ACTIVITY:
Pictures are to be left out, and the rest of the records reproduced exactly.

------------------------------------------------

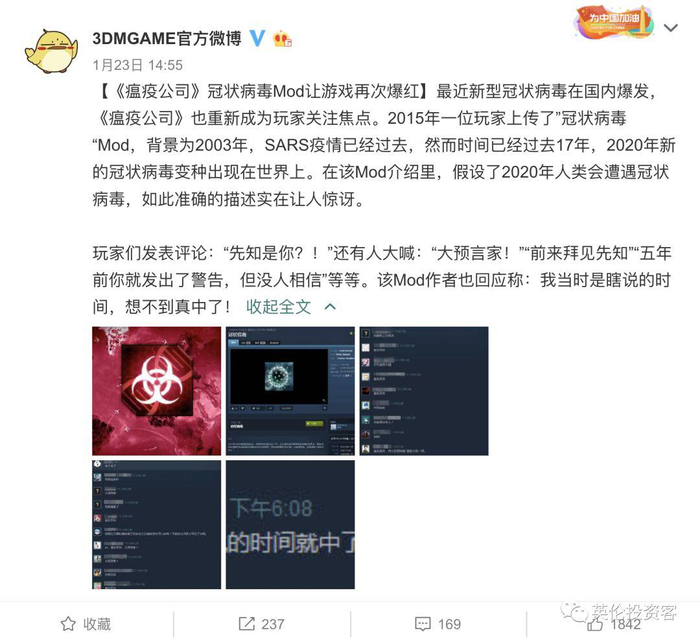 无论是病毒的种类,亦或是时间预测的精准,都让其他玩家们不禁惊叹该作者为预言家,基本跟现在爆发的新冠病毒非常相似。本次疫情发生后,荷兰玩家在推特上评论道:《瘟疫公司》成为现实了(哭)。
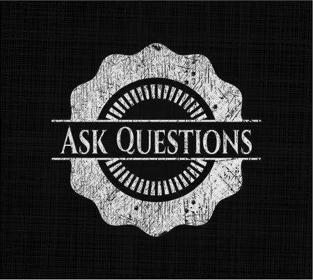 Ask Questions chalkboard emblem on black board
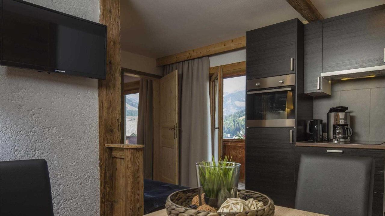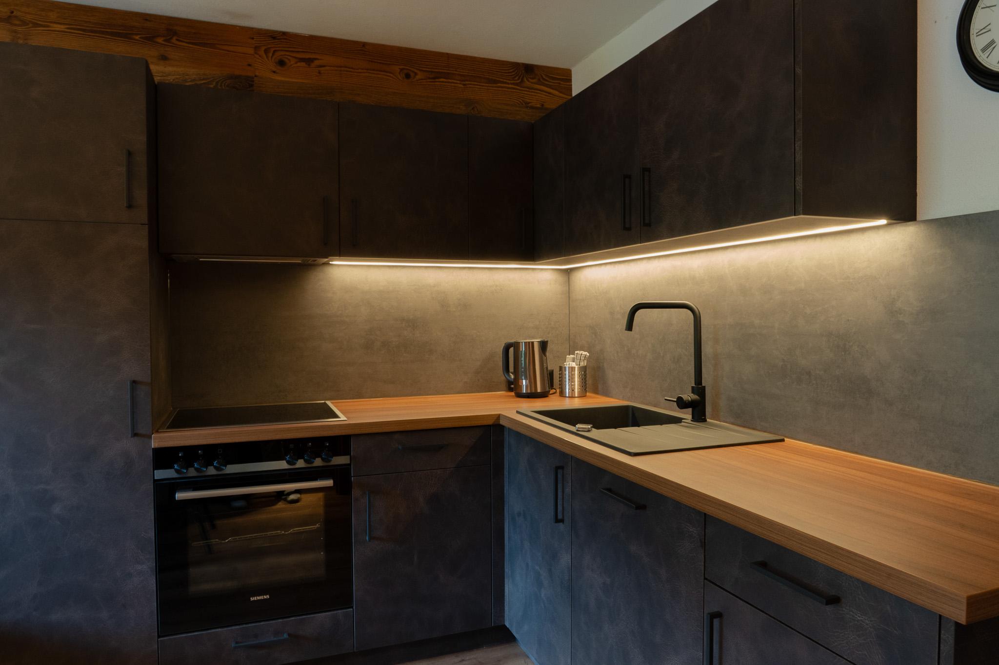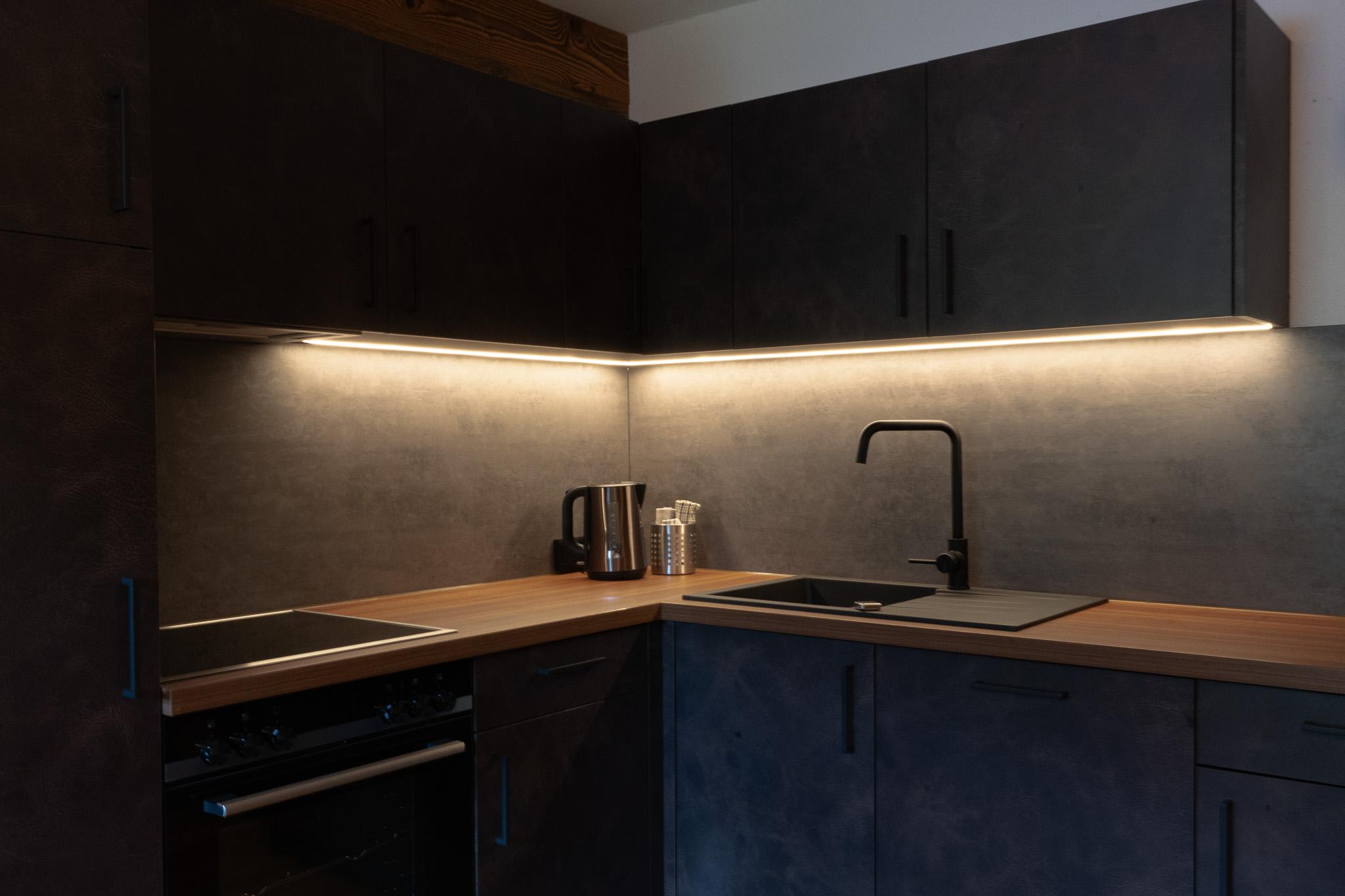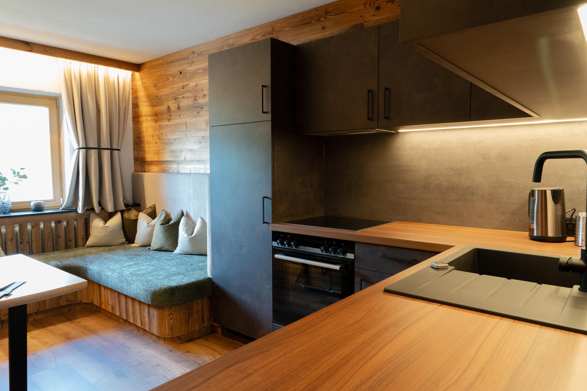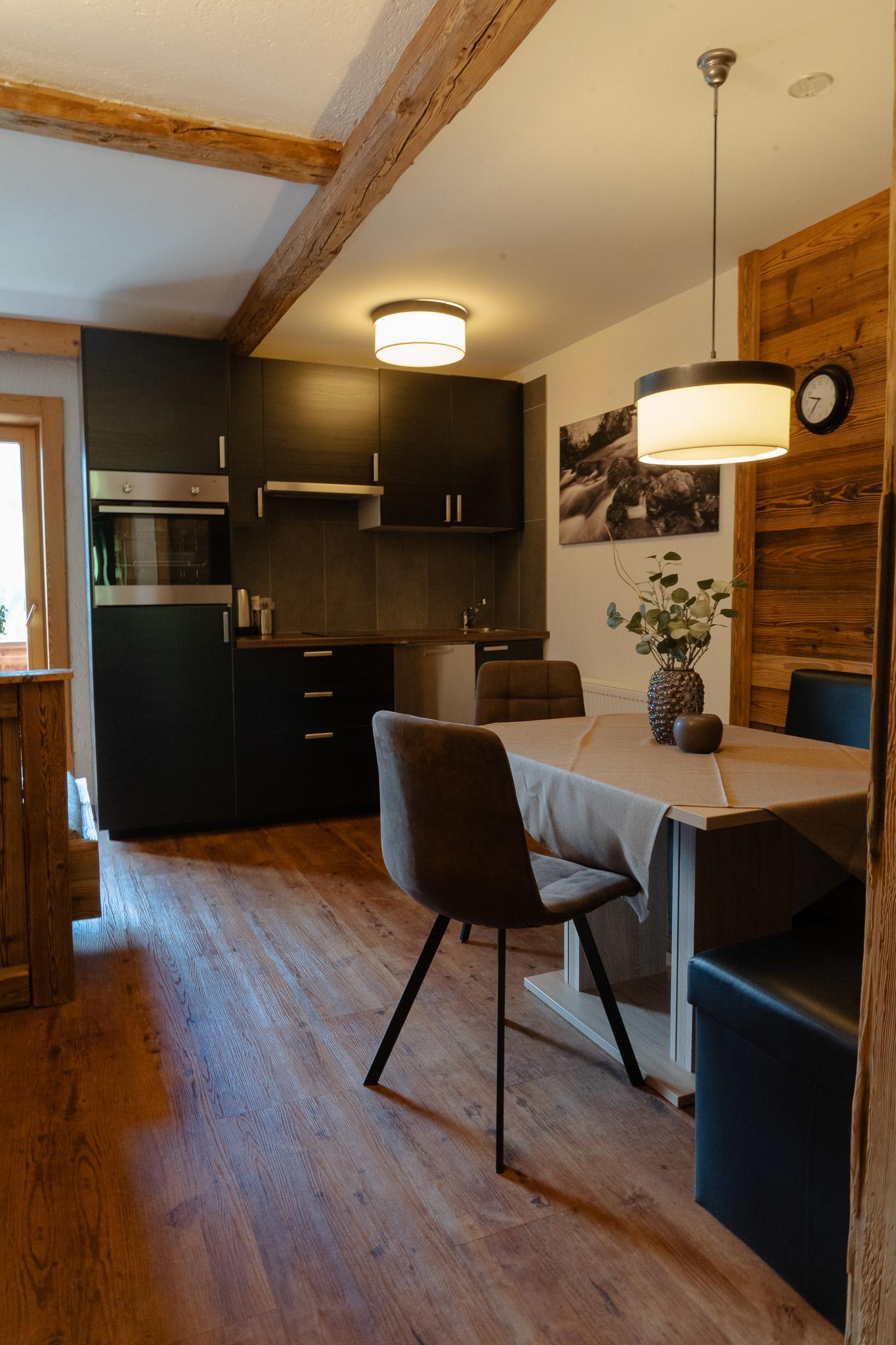 Unsere Wohnküche lädt zum Verweilen ein. Eine voll ausgestattete Küche mit Geschirrspüler, Backofen Kaffeemaschine (Nespresso) Toaster und Teekocher erwartet Sie.
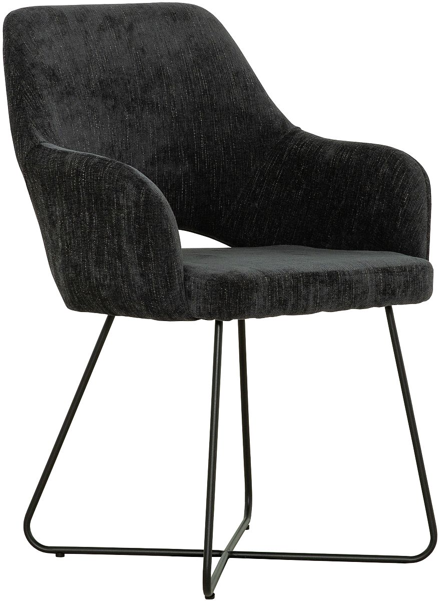 Sleek black metal sled legs enhance stability and modern style
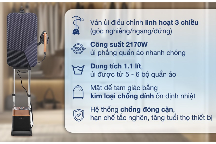 Khác với bàn ủi khô thông thường, bàn ủi hơi nước dạng đứng sử dụng hơi nước nóng để làm mềm sợi vải, giúp quần áo phẳng tự nhiên hơn. Điều này hạn chế nguy cơ cháy xém, đặc biệt với các loại vải mỏng hoặc dễ hư tổn. Tefal QT2020E0 được định vị ở phân khúc tiện ích cao, tập trung vào trải nghiệm sử dụng thực tế thay vì quá nhiều tính năng phức tạp.
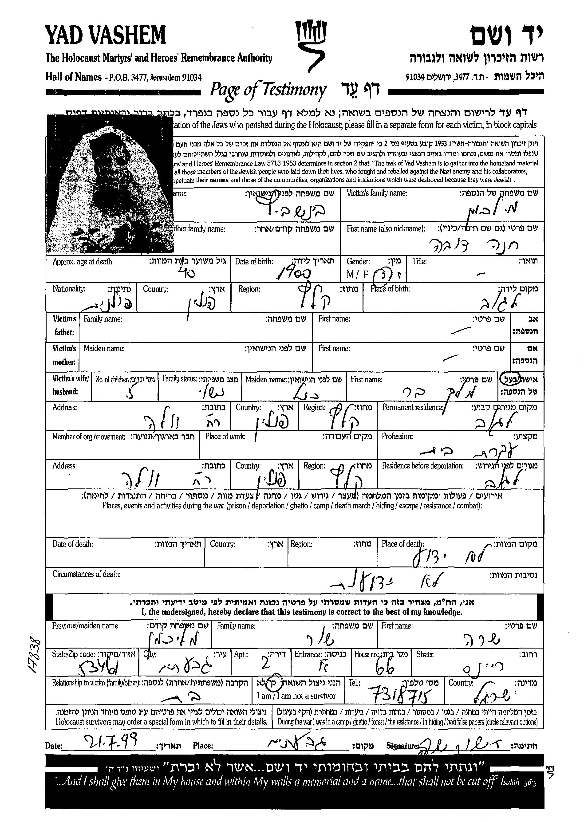 Yad Vashem - Pages of Testimony Names Memorial Collection
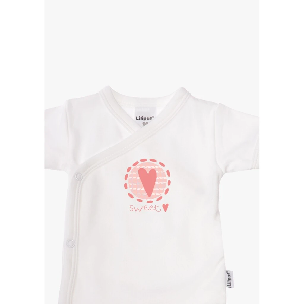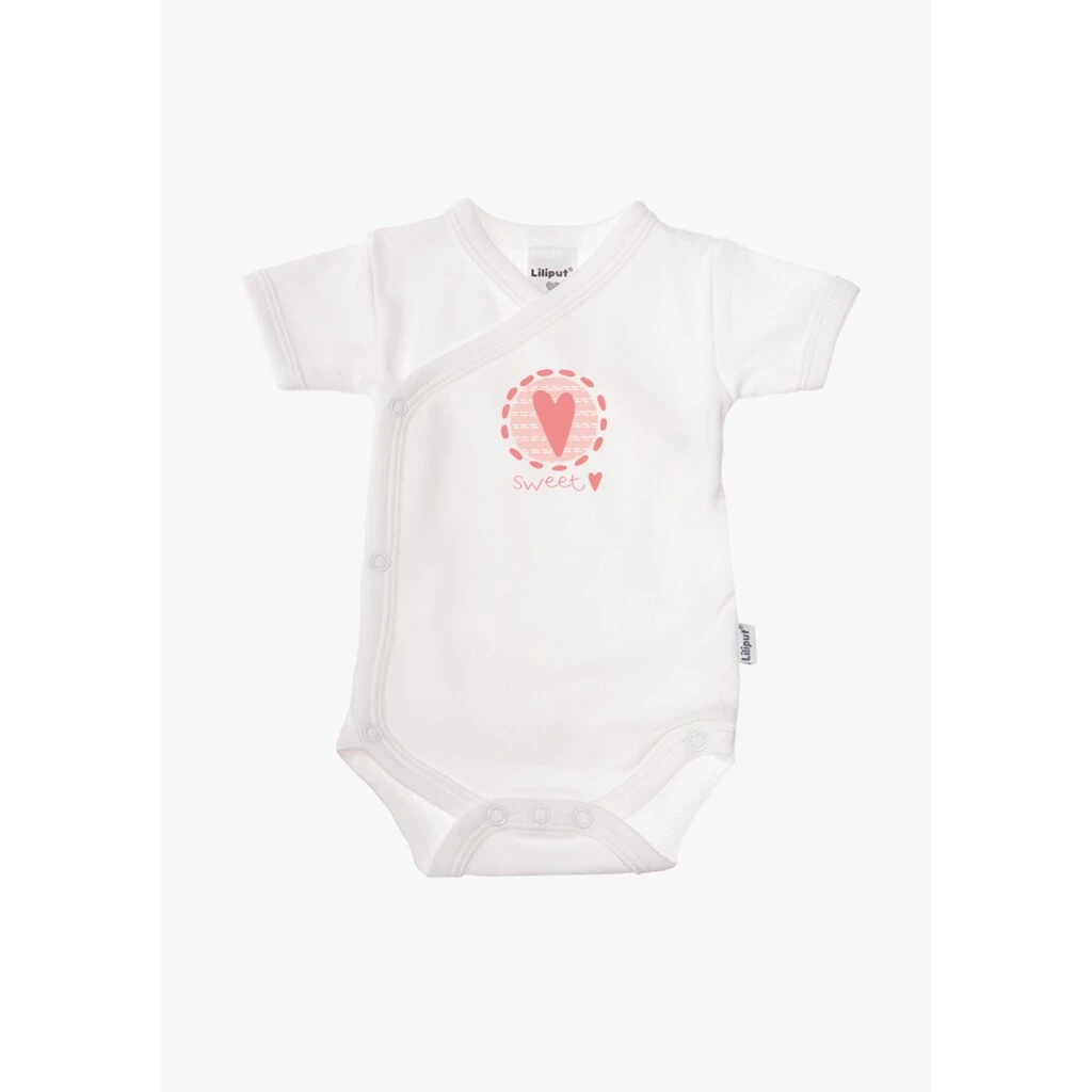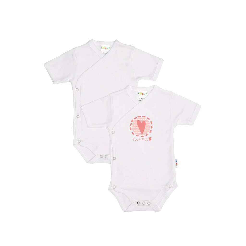 Der niedliche, weiße Wickelbody von Liliput für Kleinkinder kommt im 2er-Set. Das Set enthält einen Wickelbody in Uni-Weiß ohne Frontdruck und einen in Weiß mit süßem Herz-Frontdruck. Die praktische, lange Druckknopfleiste macht das An- und Ausziehen sehr leicht. Wie immer bei allen Liliput-Produkten überzeugt die hautfreundliche Qualität aus hochwertiger weicher Baumwolle. Windelwechsel ist mit diesem 2er-Set schnell und einfach erledigt. Der bedruckte Body ist bis 40 Grad in der Maschine waschbar.
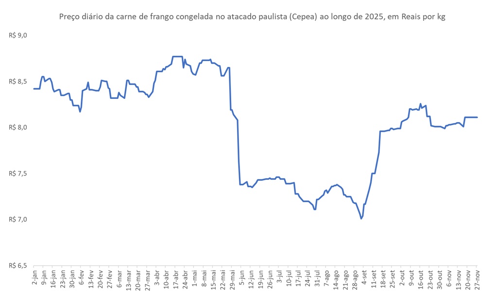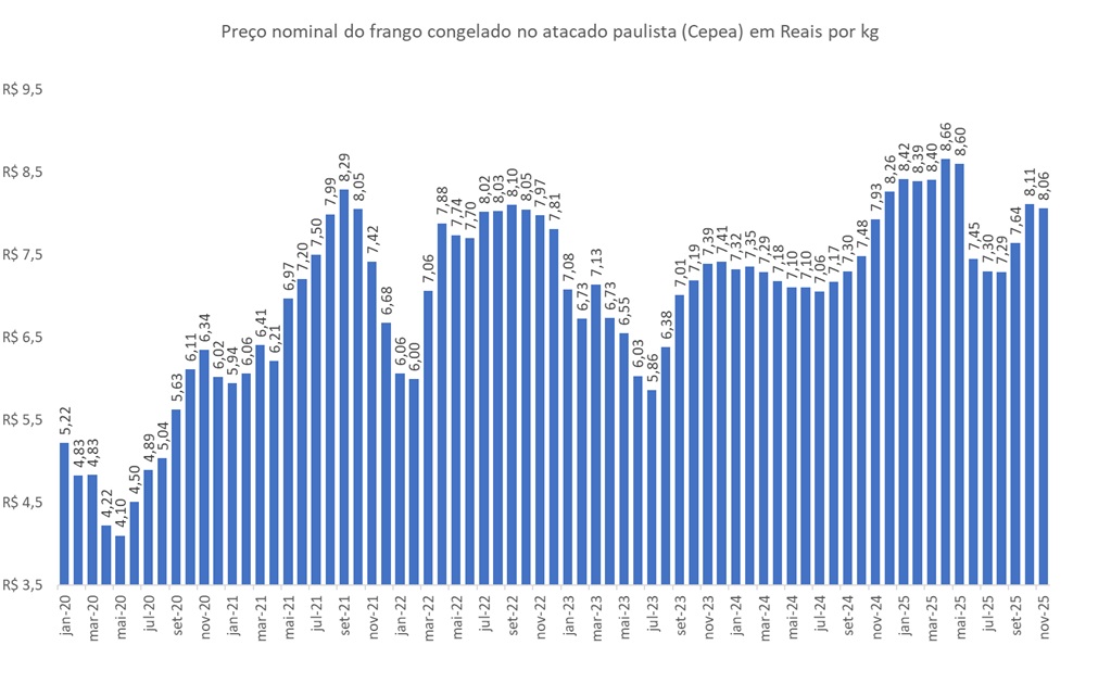 O preço do frango congelado no atacado paulista apresentou média de R$8,06 por kg na parcial de novembro de 2025 (terceira Figura), interrompendo 2 meses consecutivos de valorização, mas ainda acima da média nominal praticada em novembro de 2024 (R$7,93).

------------------------------------------------

RESULT:
 无论是病毒的种类,亦或是时间预测的精准,都让其他玩家们不禁惊叹该作者为预言家,基本跟现在爆发的新冠病毒非常相似。本次疫情发生后,荷兰玩家在推特上评论道:《瘟疫公司》成为现实了(哭)。
 Ask Questions chalkboard emblem on black board
 Unsere Wohnküche lädt zum Verweilen ein. Eine voll ausgestattete Küche mit Geschirrspüler, Backofen Kaffeemaschine (Nespresso) Toaster und Teekocher erwartet Sie.
 Sleek black metal sled legs enhance stability and modern style
 Khác với bàn ủi khô thông thường, bàn ủi hơi nước dạng đứng sử dụng hơi nước nóng để làm mềm sợi vải, giúp quần áo phẳng tự nhiên hơn. Điều này hạn chế nguy cơ cháy xém, đặc biệt với các loại vải mỏng hoặc dễ hư tổn. Tefal QT2020E0 được định vị ở phân khúc tiện ích cao, tập trung vào trải nghiệm sử dụng thực tế thay vì quá nhiều tính năng phức tạp.
 Yad Vashem - Pages of Testimony Names Memorial Collection
 Der niedliche, weiße Wickelbody von Liliput für Kleinkinder kommt im 2er-Set. Das Set enthält einen Wickelbody in Uni-Weiß ohne Frontdruck und einen in Weiß mit süßem Herz-Frontdruck. Die praktische, lange Druckknopfleiste macht das An- und Ausziehen sehr leicht. Wie immer bei allen Liliput-Produkten überzeugt die hautfreundliche Qualität aus hochwertiger weicher Baumwolle. Windelwechsel ist mit diesem 2er-Set schnell und einfach erledigt. Der bedruckte Body ist bis 40 Grad in der Maschine waschbar.
 O preço do frango congelado no atacado paulista apresentou média de R$8,06 por kg na parcial de novembro de 2025 (terceira Figura), interrompendo 2 meses consecutivos de valorização, mas ainda acima da média nominal praticada em novembro de 2024 (R$7,93).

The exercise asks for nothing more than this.